▶ **What needs to be done**: Write out only the lines from the top of the listing below through the one with "The impact of", exactly as they stand, while keeping pictures out of the copy.

▶ **Supplied information**:
·····
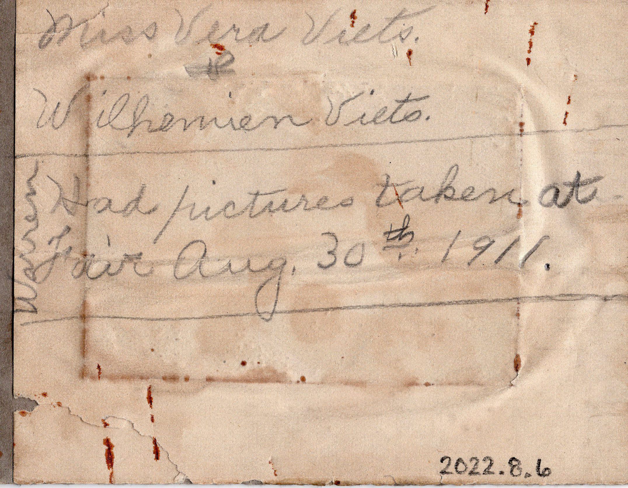Miss Vera and Wilhemien Viets Taken at the Fair in Warren August 30th 1911Photograph Details
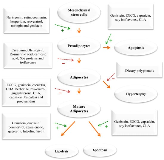 The impact of phytochemicals on adipogenesis. Green dashed arrows: Activation; red dashed arrows: Inhibition.
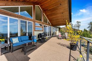 Welcome to 4101 Ridgeline! 3,000 sq ft custom home perched high on top of the ridge with breathtaking views. Endless possibilities for all. Natural light fills all the living spaces, while the 500 sq ft deck is perfect for entertaining - or relaxing - against a backdrop of coastal mountain vistas. Inside, the great room boasts a soaring 17-ft vaulted ceiling, and the chef's dream kitchen features solid wood cabinetry, island, high-end gas burners, separate pantries & stainless steel fridge. With 3 spacious bedrooms—including a primary retreat with walk-in closet, spa-like ensuite, this home is ideal for the retired couple who wants privacy and lots of room for family to stay and visit. The double garage with EV charger offers ample room for 2 cars with more room on the oversized driveway. RV parking. Hot tub. Workshop. Any concerns about the drive to town? Don't worry - you have a large wine cellar! Discover the endless possibilities. A must-see view that promises to leave you in awe.
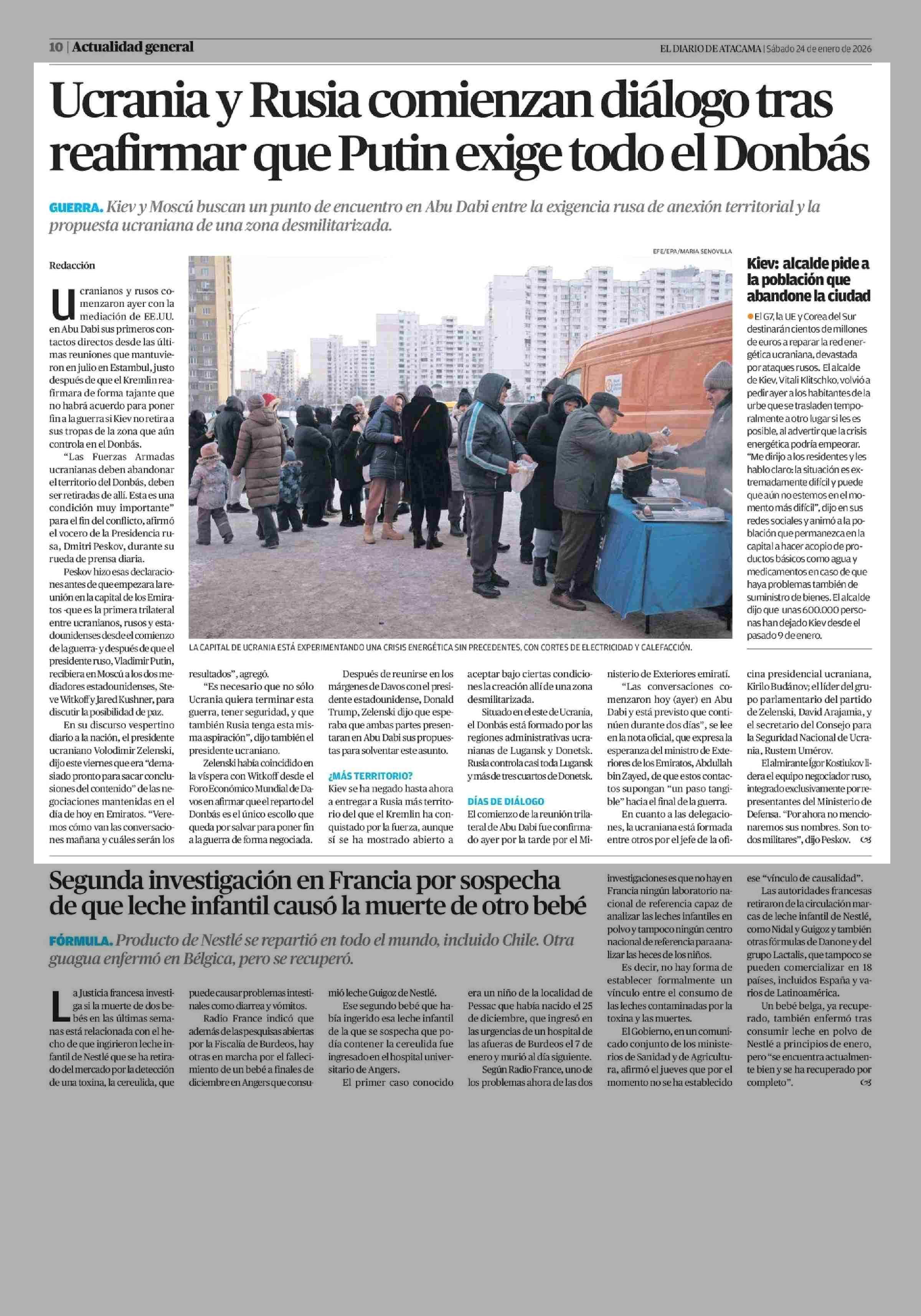 Ucrania y Rusia comienzan diálogo tras reafirmar que Putin exige todo el Donbás 24-01-2026 El Diario de Atacama |
·····
▶ **Exercise answer**:
Miss Vera and Wilhemien Viets Taken at the Fair in Warren August 30th 1911Photograph Details
 The impact of phytochemicals on adipogenesis. Green dashed arrows: Activation; red dashed arrows: Inhibition.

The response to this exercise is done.